Hi.
We have PowerEdge that we installed in the hopes of abandoning ESXi for Proxmox, but it seems to be having performance issues under relatively light loads. Can anyone recommend different hardware going forward (that's working better for them)? Or are there Proxmox configuration issues that I can investigate?
Dell PowerEdge R740XD
Processors: 2 x 18-core Xeon Gold 6140 2.3GHz
12 x 32GB PC4-21300-R ECC (DDR4-2666) (384GB Total)
2x500GB, 8x4TB
RAID Controller: PERC H740P 8GB cache
(All drives are SSD, the 500GB are the OS and the 4TBs are for the guests.)

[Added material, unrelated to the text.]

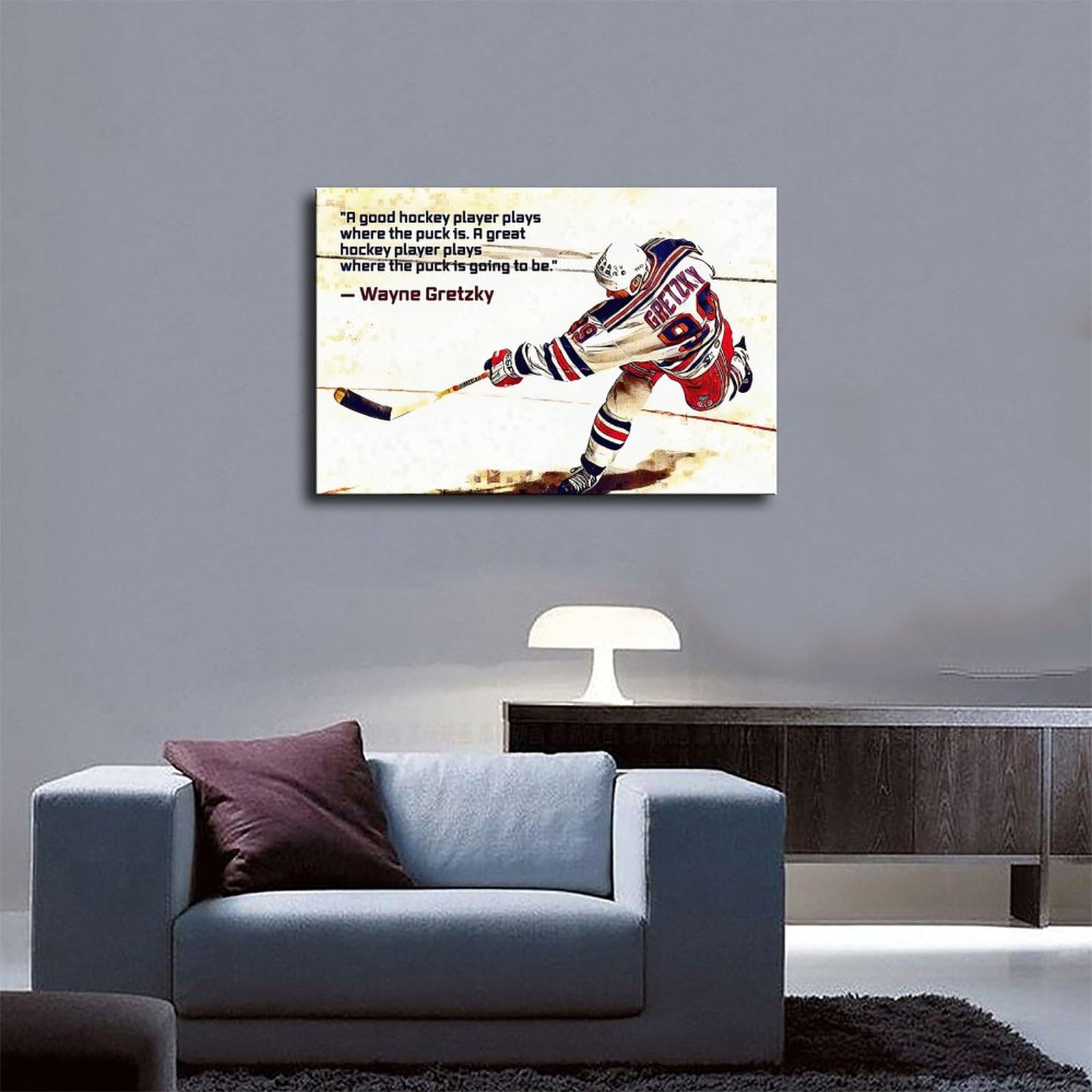 Für alle Eishockey-Fans! Dieses coole Leinwand-Poster zeigt die Legende Wayne Gretzky in Action und bringt Sport-Flair in dein Zuhause. Das 30x45 cm Bild gibt's wahlweise mit oder ohne Rahmen - je nachdem, was besser zu deinem Wohnstil passt. Gedruckt auf hochwertiger Leinwand mit wasserfester Tinte, die die Farben für über 30 Jahre frisch hält. Anders als Papier-Poster wellt sich die Leinwand nicht bei Feuchtigkeit und ist unempfindlicher. Super als Deko fürs Wohnzimmer, Jugendzimmer oder Büro - aber auch als Geschenk für Hockey-Begeisterte ein Volltreffer! Übrigens: Wir können auch individuelle Motive für dich anpassen - schick uns einfach dein Wunschbild! Die Lieferung kommt sicher verpackt und du kannst sofort loslegen mit der Dekoration. Einfach aufhängen und dich jeden Tag an deinem persönlichen Sport-Kunstwerk erfreuen!

Initially we installed this with zfs, but as we moved forward we found that the performance for backup restoration was untenable (we do not have Proxmox Backup Server). Restoring a backup of a virtual machine would freeze all or some other VMs for 40-45 minutes (load ran away on Proxmox and on a couple of occasions we had to reboot it). (The backups are made to an external box, but the freeze did not happen during the 1% 2% 3% part of the file transfer, but rather in the long hang step that happens after 100%. Messing with "bandwidth" only seemed to slow down the 1% 2% 3% part, there were some lesser stalls during backup taking and restoring snapshots as well) (And frankly zfs is confusing.)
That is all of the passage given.